- **Provided material**

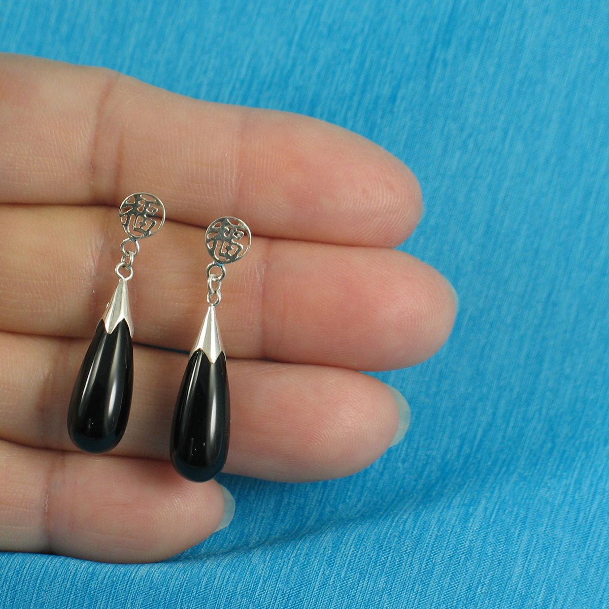 **Solid Silver 925 Oriental Good Luck Black Onyx Dangle Stud Earrings**
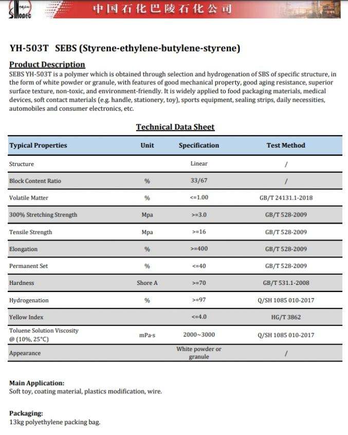 ยางเทอร์โมพลาสติกดัดแปลงพลาสติก SBS YH-792 SBS YH-503T/ YH-502T/YH-602T/YH-604T
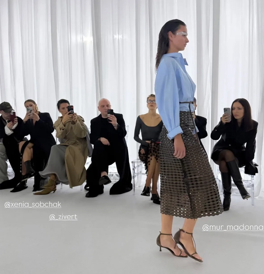Ксения Собчак пришла на показ в пальто и обуви Ruban, юбке Prada и с сумкой Alaia. Компанию ведущей в первом ряду составила Zivert, появление которой на недавней Неделей моды в Париже не понравилось стилисту Михаилу Барышникову и спровоцировало микроскандал в телеграме. "Сидим с Zivert на показе Ruban. Пока никто не прогоняет. Миши Барышникова не видать", — пошутила Ксения в соцсетях. Cтилист ответил, что он "застрял в Париже" и "благословляет" певицу на моду.
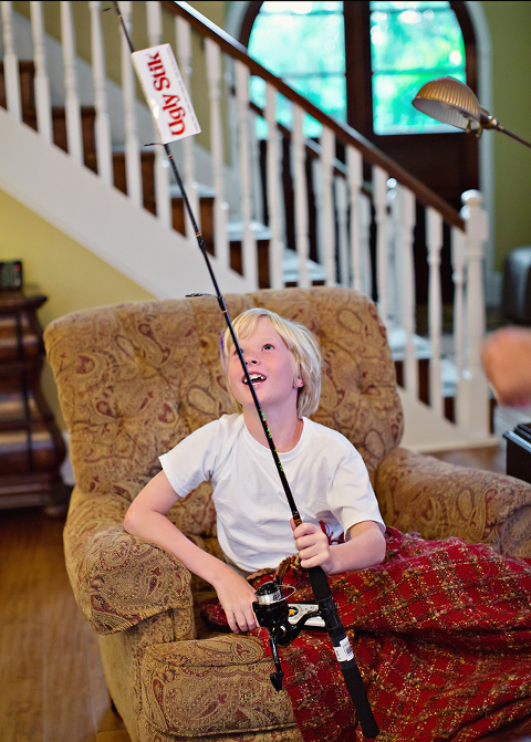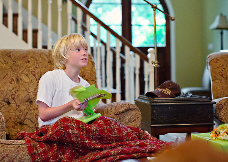 Jackson’s birthday was Monday and he woke up bright and early for his presents. Well, it was raining, and it wasn’t all that early, but there were presents. Christian gave him a cool “Born to Fish” hat.

- **Task brief**
The data above are to be repeated word for word, with any pictures left out.

- **Expected answer**
 **Solid Silver 925 Oriental Good Luck Black Onyx Dangle Stud Earrings**
 ยางเทอร์โมพลาสติกดัดแปลงพลาสติก SBS YH-792 SBS YH-503T/ YH-502T/YH-602T/YH-604T
Ксения Собчак пришла на показ в пальто и обуви Ruban, юбке Prada и с сумкой Alaia. Компанию ведущей в первом ряду составила Zivert, появление которой на недавней Неделей моды в Париже не понравилось стилисту Михаилу Барышникову и спровоцировало микроскандал в телеграме. "Сидим с Zivert на показе Ruban. Пока никто не прогоняет. Миши Барышникова не видать", — пошутила Ксения в соцсетях. Cтилист ответил, что он "застрял в Париже" и "благословляет" певицу на моду.
 Jackson’s birthday was Monday and he woke up bright and early for his presents. Well, it was raining, and it wasn’t all that early, but there were presents. Christian gave him a cool “Born to Fish” hat.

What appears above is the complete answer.